Для себя, тогда, я не могу сказать, что лично или социально американский или любой другой финансист, как я его исследовал, не является настолько удовлетворительным, насколько может быть, учитывая все обстоятельства. Художественно до сих пор он не очень интересен для обозрения, но гигантом или Титаном он, безусловно, был. Что касается большинства из них, они отнюдь не были презентабельными или даже приемлемыми социально, но что вы хотите? Они были, в основном, слишком невежественны, слишком настойчивы в своих собственных взглядах, слишком самогипнотизированы своими собственными мечтами о самопродвижении и доминировании. Лидер светского общества где-либо, например, мог бы не захотеть приветствовать Рассела Сейджа, Джея Гулда или Джона У. Гейтса или его жену, или, действительно, любой другой американский финансовый тип, известный до сих пор, и это исключительно на основании целесообразности или социальной или художественной пригодности или непригодности для более легких форм жизни, но это само по себе ничего не доказывает.

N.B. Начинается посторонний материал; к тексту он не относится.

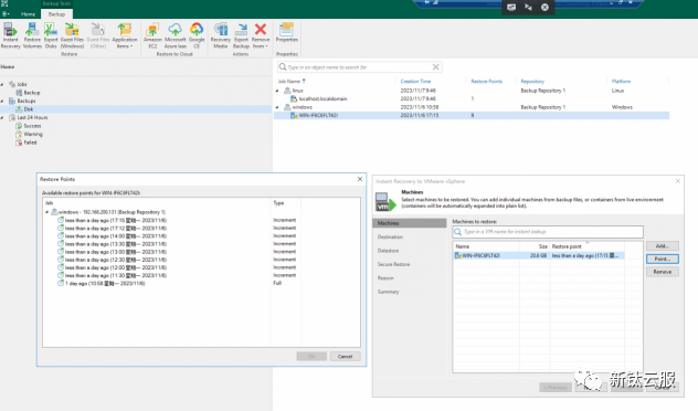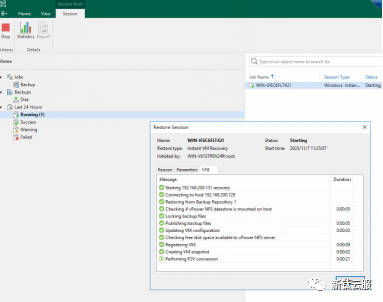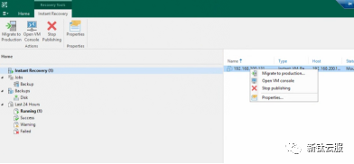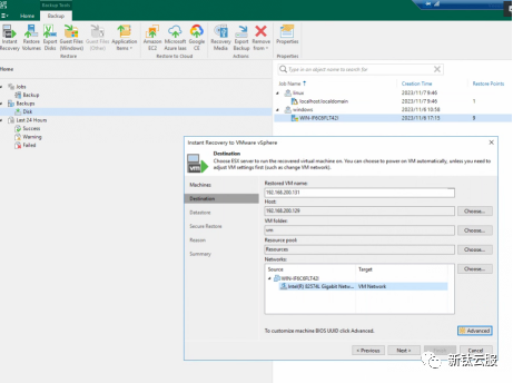 · 恢复到 VMware,选择Instant recovery即时恢复,先临时恢复可以进行测试和验证,再正式迁移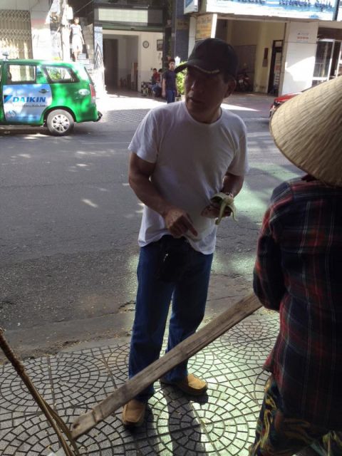 Người đàn ông Trung Quốc cư xử thô lỗ với chị bán chuối (Ảnh Nguyễn Duy Khoái)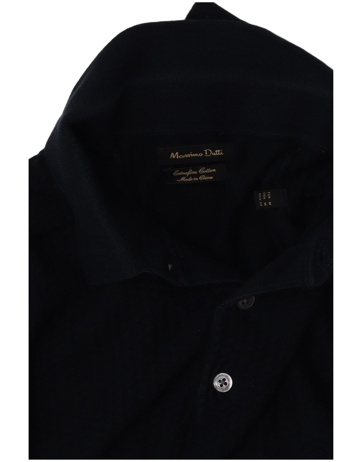 Мужской джемпер с воротником поло MASSIMO DUTTI, средний темно-синий хлопковый свитер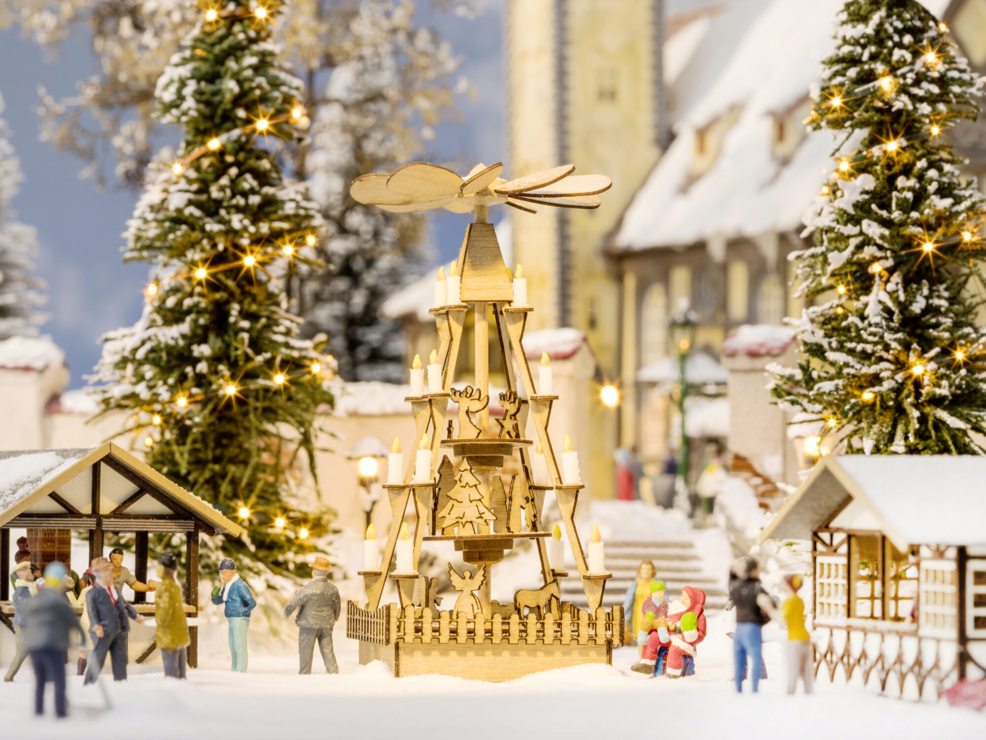 Die Weihnachtsmarkt-Pyramide von NOCH orientiert sich dabei eher an kleinen Weihnachtsmärkten, wie man sie etwa in Wangen im Allgäu findet. Die kleine Pyramide ist aus hochwertigen Materialien wie Laser-Karton und zu Teilen auch aus echtem Holz gelastert. Das exakt gearbeitete Modell lässt sich mit der enthaltenen Anleitung sehr leicht zusammenbauen. Hierfür wird ein spezieller Laser-Cut Kleber (Art.-Nr. 61104) von NOCH benötigt.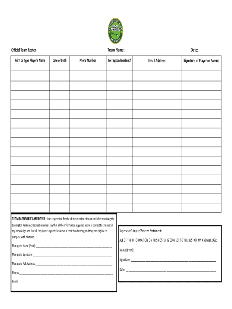 Print or Type Players NameD ate of Birthstone NumberTorrington Resident? Date:

Можно было бы правдиво сказать, с другой стороны, что едва ли было бы возможно допустить среднего светского человека в угрожающие пределы радикальной энергии или мысли в любой форме. Одно можно сказать наверняка: индивидуум не может полностью понять массу, ни масса — индивидуума. Оба имеют свою значимость, свое место, но если бы кто-то сказал о любом из них, что он или она в одиночку имеет право на значимость как полезный фактор в жизни, или как драматический или художественный материал, или как зрелище, он был бы сильно ошибаться. Оба имеют. Все имеют.
ТРУД РАБОЧЕГО ТРИЛОГИЯ
I
“The ears to hear! The beauty
Of life is unceasingly calling.
The eyes to see! Its glory
Is ever unfolding anew!”
Труд рабочего лишен искусства. В нем нет ни формы, ни цвета, ни тона. Месяцами я работал так, как работают только рабочие, и в унылом круговороте часов до меня дошло, что утомительно и обескураживающе в этом то, что оно совершенно лишено искусства. При строительстве здания, например, над которым мы трудились три долгих месяца, я обнаружил, что с каждым днем труда я контактировал только с тем, что было бесформенным, бесцветным и беззвучным. Огромные, бесформенные, обескураживающие груды кирпича; обыденные, безразличные и бесцветные массы камня, дерева, железа, песка, цемента; кости и жилы того, что должно было быть, но сами по себе лишенные всего, что могло бы привлечь глаз или тронуть сердце, и разбросанные таким бесцельным образом, что не вызывали в уме ничего, кроме утомляющего чувства беспорядка. Этот беспорядок, однако, как вскоре стало ясно мне, не был очевиден в определенном смысле для всех тех, кто работал среди него. Эти смесители раствора и носильщики кирпича трудились в грязи и пыли, не осознавая, по-видимому, что это жалкое состояние, тяжелое, мрачное и, насколько касалось суммы их индивидуальных жизней, лишь скудно прибыльное. Плотники, каменщики и рабочие по металлу усердно занимались своим трудом, но лишенная искусства и непривлекательная природа их работы была над всем этим, и, несмотря на их кажущуюся неосознанность этого, чувствовалась тяга ее отсутствия, их стремление уйти, их врожденное желание быть там, где вещи не находятся в процессе создания, побуждение быть в более широком и более совершенном мире, где форма, цвет и тон действительно изобилуют.
Ибо, в конце концов, в основном, вещи стоят завершенными, какими мы их видим. Холмы имеют свою непреходящую округлость, деревья — свои вечные формы. Пейзажи и горизонты не разорваны и не соскоблены, как вблизи какой-то (сравнительно) крошечной созидательной работы. Природа почти всегда хитроумно приятна глазу на поверхности, что бы ни происходило внизу, тогда как средние созидательные процессы так часто диссонируют, сломаны, беспорядочны.
Видя это и будучи не в состоянии в своем собственном сознании объяснить почему, мое сердце было печально, и я задавался вопросом, почему жизнь должна быть так мрачно организована; почему бесформенность в частях вещи, которая должна быть сформирована; почему беззвучность в том, что при трудоемкой организации было бы всем тоном; почему бесцветность в том, что в конце концов оживило бы сердце цветом и танцевало бы перед глазом совершенной вещью.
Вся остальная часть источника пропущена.